1// The one that Instagrams a picture flaunting their goods and plays it off like they're not. I probably see this once a day and it tortures me. I'm scrolling through my instafeed and then BAM, tatas all up in my face yet the caption and hashtags say something like "Blah it's Monday again, but hey at least I'm wearing my new shoes". Come again what?! Your shoes?! How bout "HERE ARE MY TITS EVERYBODY, STARE AT THEM!"
2// The one that chews like their jaws are as strong as Megalodon. Yes I am going to play out the Shark Week jokes for as long as I can. No I do not apologize for it. Especially if you are one of these chomper people. Like do you get so carried away with what you're doing that you forget your mouth is yapping at the speed of a chihuahua? It really just blows my mind. And makes me want to punch you. But speaking of chihuahuas...
3// The one that snoozes through sixteen and a half different alarms. If you know you have to be up by, say, 8:30am then why don't you just set an alarm for, say, 8:30am? Why one at 7:00, 7:30, 8:00, 8:12, 8:21, 8:28, 8:29, etc. Someone explain this concept to me stat before I lose all faith in humanity.
4// The one that tweets eleventy tweets in a row entering every single giveaway in blogland. I will unfollow you. Dead ass. Don't tempt me.
5// The one that writes essay long Facebook statuses about their dead beat baby daddy. You aren't making yourself look like the mother of the century by making your sex mistake look like a father that should rot in hell. You're actually just looking like a crazy person. P.S. lawyers and courts can check that shit during custody battles so I'd check yourself before you wreck yourself honey bunches of oats. Oh and guess what. That fight with your baby daddy that you think is earth shattering news?
6// The one that has really long fingernails that are also pointed at the ends instead of round. You think people are thinking: "Damn mami, you're lookin' fly". What people actually are thinking: "Ratchet coke whore of a porn star." Wait, did I just say that...?

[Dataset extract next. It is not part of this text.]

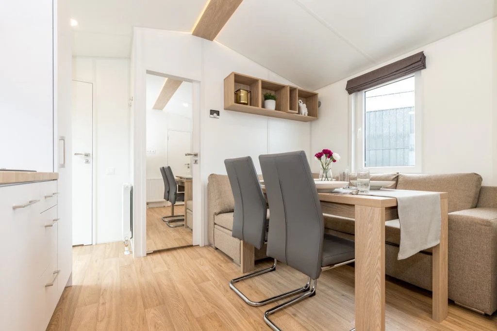 Este modelo cuenta con una cocina americana compacta, sala de estar, 3 dormitorios con 6 camas y 1 baño. ¡Estamos seguros de que será perfecto para una casa de vacaciones familiar junto al lago!
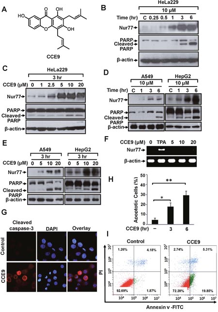 Figure 1: CCE9 induces Nur77 expression and apoptosis. (A) Structure of CCE9. (B) Time-course analysis of Nur77 and PARP cleavage induction by CCE9. HeLa229 cells treated with 10 μM CCE9 for the indicated time were determined by Western blotting using anti-Nur77 antibody. (C) Dose dependent effect of CCE9. HeLa229 cells treated with vehicle or indicated concentration of CCE9 for 3 hr were analyzed for Nur77 expression and PARP cleavage by Western blotting. (D) Time-course analysis of Nur77 expression and apoptosis induction by CCE9 in A549 and HepG2 cells. Cells treated with 10 μM CCE9 for the indicated time were analyzed for Nur77 expression and PARP cleavage by Western blotting. (E) Dose-dependent induction of Nur77 and apoptosis by CCE9 in A549 and HepG2 cells. Cells treated with vehicle or the indicated concentration of CCE9 for 3 hr were analyzed for Nur77 expression and PARP cleavage by Western blotting. (F) RT-PCR analysis of Nur77 mRNA expression in HeLa229 cells. Cells treated with vehicle, TPA (100 ng/ml), or indicated concentration of CCE9 for 3 hr. Nur77 and β-actin mRNA products were simultaneously amplified in the same reaction system, in which β-actin expression level served as an internal control. (G) Caspase-3 activation by CCE9. HeLa229 cells were treated with 10 μM CCE9 for 3 hr, immunostained with antibody recognizing the cleaved caspase-3. Nuclei were visualized by co-staining with DAPI. (H) DAPI staining. HeLa229 cells were treated with CCE9 (10 μM) or vehicle for 3 hr or 6 hr and subjected to DAPI staining. Apoptotic cells were scored and compared between different treatments. *, P<0.01 (VS. control); **, P<0.01 (VS. control). (I) The apoptotic effect of CCE9. HeLa229 cells were treated with vehicle or 10 μM CCE9 for 6 hr and stained with Annexin V/PI. Apoptosis was analyzed by fluorescence-activated cell sorting analysis.

7// The one that zooms passed backed up traffic by taking the exit lane but then cuts back in at the last possible moment. Thank the good lord above that I drive maybe five times out of the entire year (thank you New York City livin') because I'd probably be in jail by now if I experienced this constantly. If I'm sitting my ass in a lane of cars backed up to China then I sure as hell expect everyone else to be doing the same.
8// The one that leaves completely non-personal and selfish blog comments. "Hi! I followed you now please make sure you follow me on the right account or else my likes won't actually increase." Are you for really real right now chick? I'm going to go with a big fat N-O on all accounts with this one.
9// The one that doesn't know how to differentiate between "you and me" and "you and I" correctly. I have been seeing this everywhere lately. In blogland, in real-land, on Facebook, on Twitter, in my dreams. Okay not in my dreams but it's getting there. If you're saying "Make sure you linkup with Tinkerbelle and I tomorrow!" then you should slap yourself silly. And then learn this rule so you stop looking like a second grader: take out the other person that's with you in the sentence (in this case, Tinkerbelle) and see if it sounds right. "Make sure you linkup with I tomorrow" sounds like you should be hanging out with that chick with the pointy fingernails. Switch that ish.
10// The one that isn't "an animal person". Well then I'm not a "you person" because who on earth can actually look at this and not want to hop in a car headed straight to buy a rolly polly olly like this little guy?